The pilot smiled through a streak of grease which turned his brown skin black.

"Tighten that one bolt, Cully," he pointed out the necessary adjustment, "and, she's ready to lift! Or at least she should be. We'll try her."

He boarded the shallow craft and settled himself behind the controls, buckling a safety belt around his hips before he triggered the motor. The sled zoomed straight up with a speed which sent the spectators sprawling and tore an exclamation from the pilot. Then, under Kimber's expert hand, it leveled off and swung in a wide circle about the star ship. Finishing off the test flight with a figure eight, Kimber brought the sled back to a slow and studied landing on the now dry sand at the foot of the ramp.

"Bravo!"

That encouraging cheer came from the open hatch.

Kordov beamed down at them and with him, one hand on the rail, her head lifted so that the sun made a red-glory of the braids wreathing it, was a woman.

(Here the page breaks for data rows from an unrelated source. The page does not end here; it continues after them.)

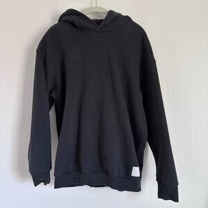 Vuori Restore Oversized Woman's Fleece Hoodie, color washed black - color sold out Woman's Size: Small (it's oversized so it may fit up to a medium) Features: Long sleeve, pullover, hoodie, Bio Wash Finish (so its very soft), Organic French Terry, Oversized Fit, Rib Cuff, 66% Organic Cotton, 34% Polyester, treated with a bio -wash for an extra-soft handfeel and worn-in look. Condition: Great condition, minor flaw, small stain on the front of the hoodie, see last picture.
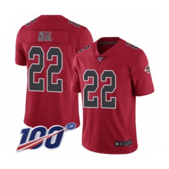 >Men's Atlanta Falcons #22 Keanu Neal Limited Red Rush Vapor Untouchable 100th Season Football Jersey
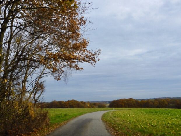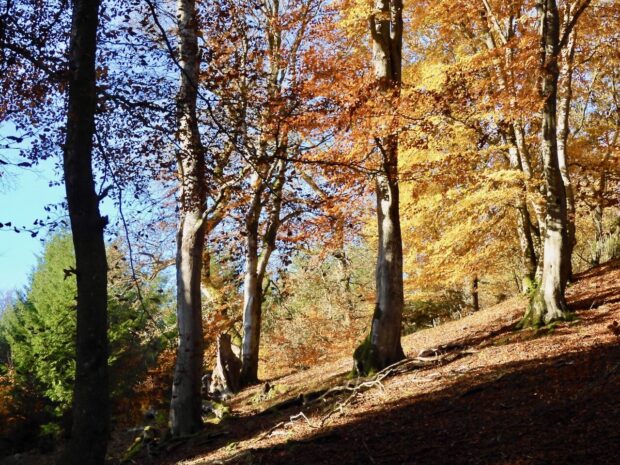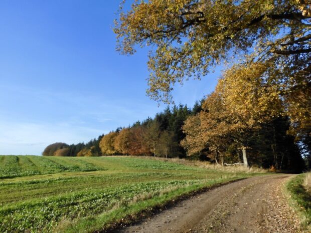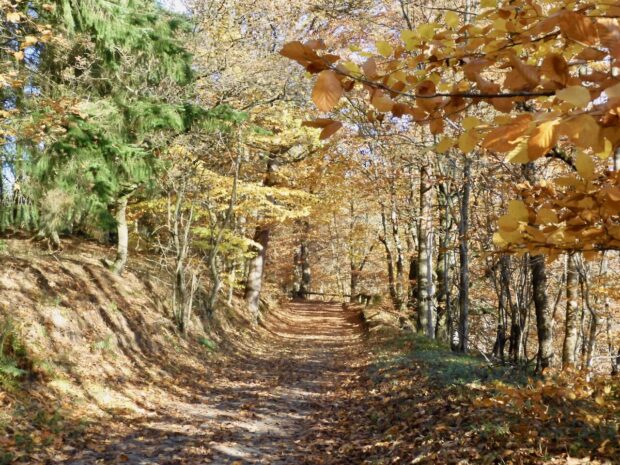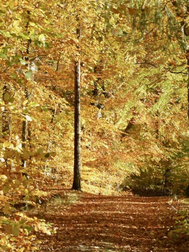 Der er efterhånden tyndet så meget ud i bladene, at sol og skygger igen falder flot her på skovvejen.

Dard stared up at her with no thought of rudeness. This was the Carlee who had taken care of Dessie.

But she was younger than he had expected, younger and somehow fragile. There were dark shadows beneath her eyes, and when she smiled at them, it was with a patient acceptance, which hurt. Kimber broke the silence as she joined the party below.

"What do you think, Carlee?" he asked matter-of-factly, as if they had parted only the hour before and no tragedy lay between. "Would you trust yourself to this crazy flyer?"

"With the right pilot at the controls, yes." And then looking at each one she spoke their names slowly as if reassuring herself that they were really there. "Les Rogan, Jorge Cully and"-She reached Dard, hesitated, before her smile brightened-"why, you must be Dessie's Dard, Dard Nordis! Oh, this is good-so good-" She looked beyond the men at the cliffs, the sea, the blue-green sky arching over them.

"Now- before you start off, explorers," Kordov announced, "there is food to be eaten."

The food was fish again, together with quarter portions of the concentrate cakes and some capsules Kordov insisted they take. When they were finished the First Scientist turned to Kimber.

"Now that you have that sky-buggy of yours put together you will be off?"